Bien sûr, il faut empêcher qu'un tireur puisse s'approcher à quelques pas du premier ministre et des députés présents en grand nombre lors de la journée fatidique.

En même temps, il faut se rappeler que Michael Zehaf-Bibeau a été neutralisé très rapidement, signe que la sécurité ne fonctionne pas si mal.

Il s'est écoulé moins de 10 minutes entre le lâche assassinat du caporal Nathan Cirillo au cénotaphe et le moment où il a été abattu.

Zehaf-Bibeau a passé moins de deux minutes dans l'enceinte du Parlement.
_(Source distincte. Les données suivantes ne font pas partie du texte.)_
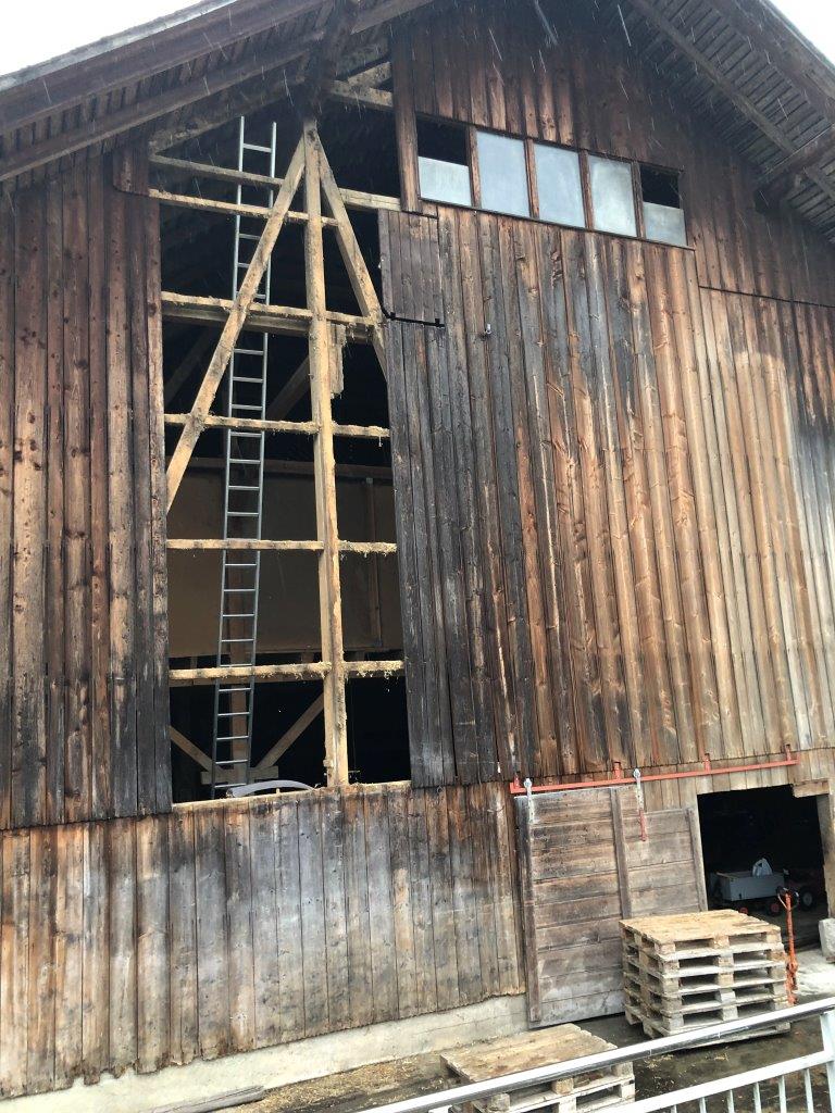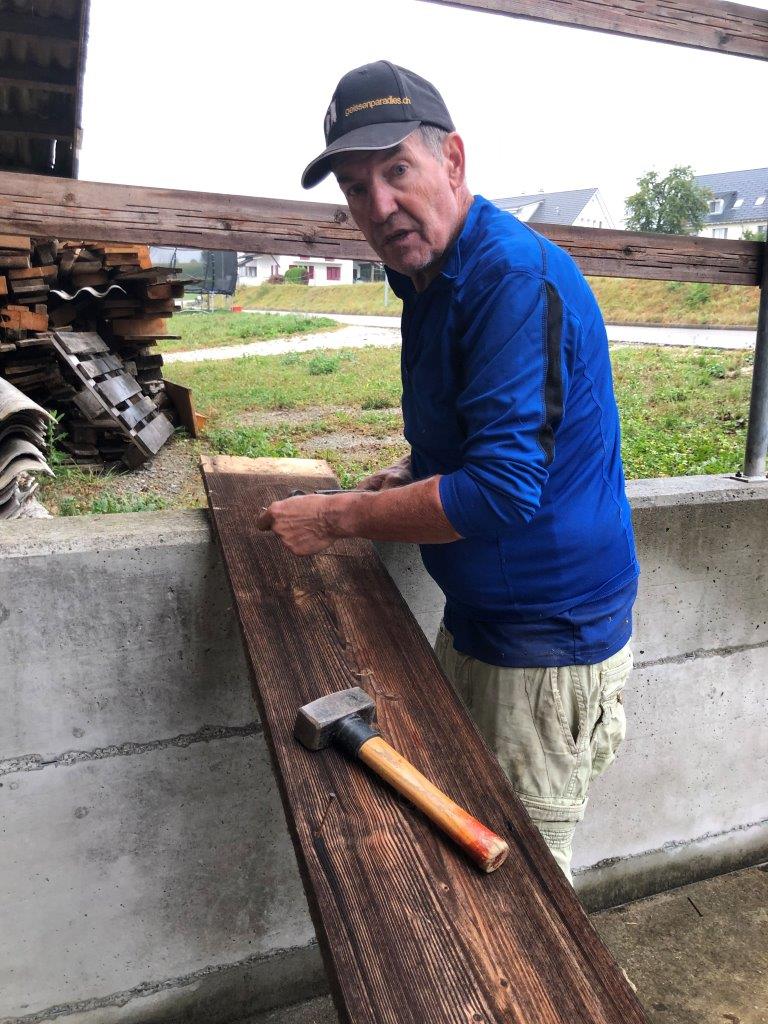 Nun ist es so, dass Markus und Irene Schmitter ihren nahegelegenen Landwirtschaftsbetrieb mit der verdienten Pension aufgegeben haben und den Kuhstall mit Scheune abgerissen wird. Hier ist eine Menge Holz vorhanden, an dem wir uns netterweise bedienen durften. Hier gilt: Nicht verschwenden -> wiederverwenden!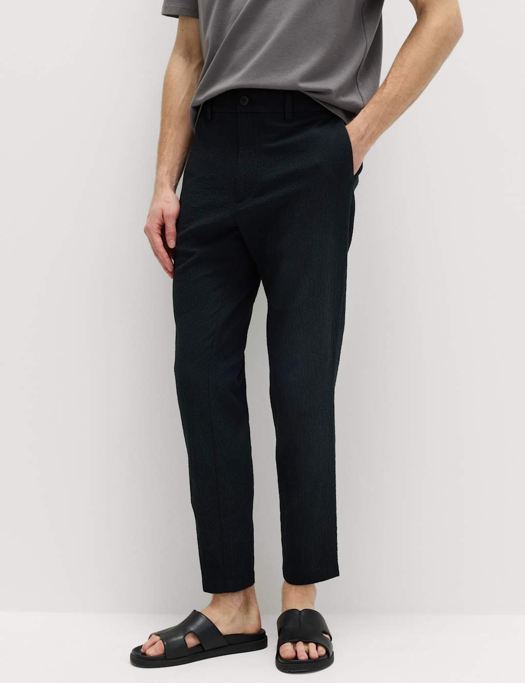 The M&S Tapered Fit Cotton Rich Seersucker Trousers in Black is made from cotton, elastane.

Il a été atteint par un projectile moins de sept secondes après y avoir pénétré.

D'après les experts, il était probablement gravement blessé quand le sergent d'armes Kevin Vickers et un agent de la GRC ont déchargé leurs armes sur lui à bout portant.

Qu'on profite de cette tragédie pour examiner les lacunes dans la sécurité du Parlement, cela va de soit. Mais de grâce, ne sombrons pas dans la paranoïa.

Une démocratie y perd quand la distance se creuse entre citoyens et élus, entre le bon peuple et ses institutions.

«Je ne suis pas sûr que les Canadiens veulent se faire vérifier à chaque fois qu'ils circulent sur la colline», note M. Michaud.

Les gens qui se rendaient par centaines à leur séance de yoga hebdomadaire sur la pelouse du Parlement, hier midi, seraient sûrement d'accord avec lui.